Data entries
########################################

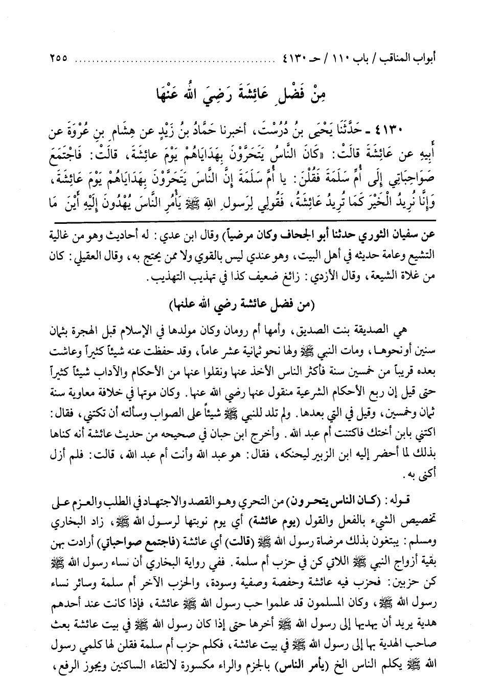 هِيَ الصِّدِّيقَةُ بِنْتُ الصِّدِّيقِ وَأُمُّهَا أُمُّ رُومَانَ وَكَانَ مَوْلِدُهَا فِي الْإِسْلَامِ قَبْلَ الْهِجْرَةِ بِثَمَانِ سِنِينَ أَوْ نحوهما ومات النبي وَلَهَا نَحْوُ ثَمَانِيَةَ عَشَرَ عَامًا وَقَدْ حَفِظَتْ عَنْهُ شَيْئًا كَثِيرًا وَعَاشَتْ بَعْدَهُ قَرِيبًا مِنْ خَمْسِينَ سَنَةً فَأَكْثَرَ النَّاسُ الْأَخْذَ عَنْهَا وَنَقَلُوا عَنْهَا مِنَ الْأَحْكَامِ وَالْآدَابِ شَيْئًا كَثِيرًا حَتَّى قِيلَ إِنَّ رُبُعَ الْأَحْكَامِ الشَّرْعِيَّةِ مَنْقُولٌ عَنْهَا رَضِيَ اللَّهُ عَنْهَا
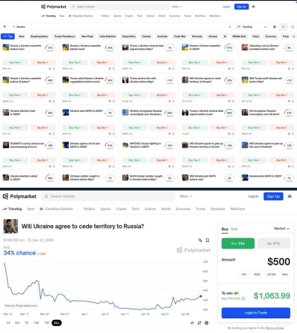 На международной букмекерской платформе Polymarket на сегодняшний день открыты десятки ставок по теме войны в Украине
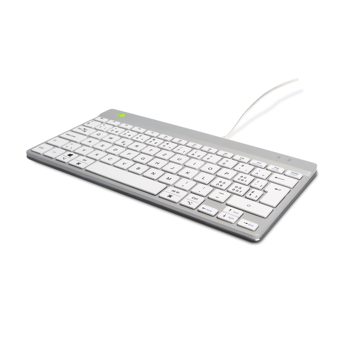 Diese kompakte Tastatur verfügt über alles ergonomisch Benötigtes für gesundes Tippen. Das kompakte Design sorgt dafür, dass Ihre Hände bei gleichzeitiger Verwendung von Tastatur und Maus immer in Schulterbreite bleiben. Der leichte Tastenanschlag verringert die Muskelspannung beim Tippen. Die Tastatur ist ultradünn, sodass sich die Hände und Handgelenke beim Tippen in einer entspannten, natürlichen Position befinden. Dies bewirkt eine bessere Durchblutung der Hände. Die R-Go Compact Break Tastatur zeigt mit LED-Farbsignalen an, wann es Zeit ist, eine Pause einzulegen. Während Sie tippen, wechselt eine LED-Leuchte die Farbe, wie bei einer Ampel. Wenn das Licht Grün leuchtet, bedeutet dies, dass Sie gesund arbeiten. Orange bedeutet, dass es Zeit für eine kurze Pause ist, und Rot, dass Sie zu lange gearbeitet haben. Kurze Pausen während des Arbeitstages verbessern die Konzentration, beugen Überlastungsbeschwerden vor und halten Sie beim Arbeiten fit. Dieses Produkt funktioniert mit der R-Go Break Software, die mit dem Benelux Office Products Award 2021 gekürt wurde. Laden Sie den kostenlosen Break LED-Steuerung hier herunter.
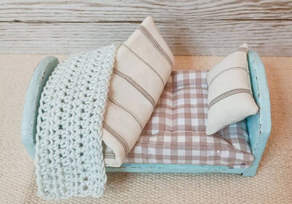 Bett mit Matratze, Kopfkissen, Bettdecke und gehäkeltem Überwurf
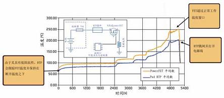 圖2. 在一次慢性熱失控情況下,RTP器件會跟蹤powerFET溫度,直到它在200°C時(shí)斷開電路。

########################################

Exercise instructions
No picture is to appear in the copy; every entry above is otherwise to be printed verbatim.

Answer to this exercise
 هِيَ الصِّدِّيقَةُ بِنْتُ الصِّدِّيقِ وَأُمُّهَا أُمُّ رُومَانَ وَكَانَ مَوْلِدُهَا فِي الْإِسْلَامِ قَبْلَ الْهِجْرَةِ بِثَمَانِ سِنِينَ أَوْ نحوهما ومات النبي وَلَهَا نَحْوُ ثَمَانِيَةَ عَشَرَ عَامًا وَقَدْ حَفِظَتْ عَنْهُ شَيْئًا كَثِيرًا وَعَاشَتْ بَعْدَهُ قَرِيبًا مِنْ خَمْسِينَ سَنَةً فَأَكْثَرَ النَّاسُ الْأَخْذَ عَنْهَا وَنَقَلُوا عَنْهَا مِنَ الْأَحْكَامِ وَالْآدَابِ شَيْئًا كَثِيرًا حَتَّى قِيلَ إِنَّ رُبُعَ الْأَحْكَامِ الشَّرْعِيَّةِ مَنْقُولٌ عَنْهَا رَضِيَ اللَّهُ عَنْهَا
 На международной букмекерской платформе Polymarket на сегодняшний день открыты десятки ставок по теме войны в Украине
 Diese kompakte Tastatur verfügt über alles ergonomisch Benötigtes für gesundes Tippen. Das kompakte Design sorgt dafür, dass Ihre Hände bei gleichzeitiger Verwendung von Tastatur und Maus immer in Schulterbreite bleiben. Der leichte Tastenanschlag verringert die Muskelspannung beim Tippen. Die Tastatur ist ultradünn, sodass sich die Hände und Handgelenke beim Tippen in einer entspannten, natürlichen Position befinden. Dies bewirkt eine bessere Durchblutung der Hände. Die R-Go Compact Break Tastatur zeigt mit LED-Farbsignalen an, wann es Zeit ist, eine Pause einzulegen. Während Sie tippen, wechselt eine LED-Leuchte die Farbe, wie bei einer Ampel. Wenn das Licht Grün leuchtet, bedeutet dies, dass Sie gesund arbeiten. Orange bedeutet, dass es Zeit für eine kurze Pause ist, und Rot, dass Sie zu lange gearbeitet haben. Kurze Pausen während des Arbeitstages verbessern die Konzentration, beugen Überlastungsbeschwerden vor und halten Sie beim Arbeiten fit. Dieses Produkt funktioniert mit der R-Go Break Software, die mit dem Benelux Office Products Award 2021 gekürt wurde. Laden Sie den kostenlosen Break LED-Steuerung hier herunter.
 Bett mit Matratze, Kopfkissen, Bettdecke und gehäkeltem Überwurf
 圖2. 在一次慢性熱失控情況下,RTP器件會跟蹤powerFET溫度,直到它在200°C時(shí)斷開電路。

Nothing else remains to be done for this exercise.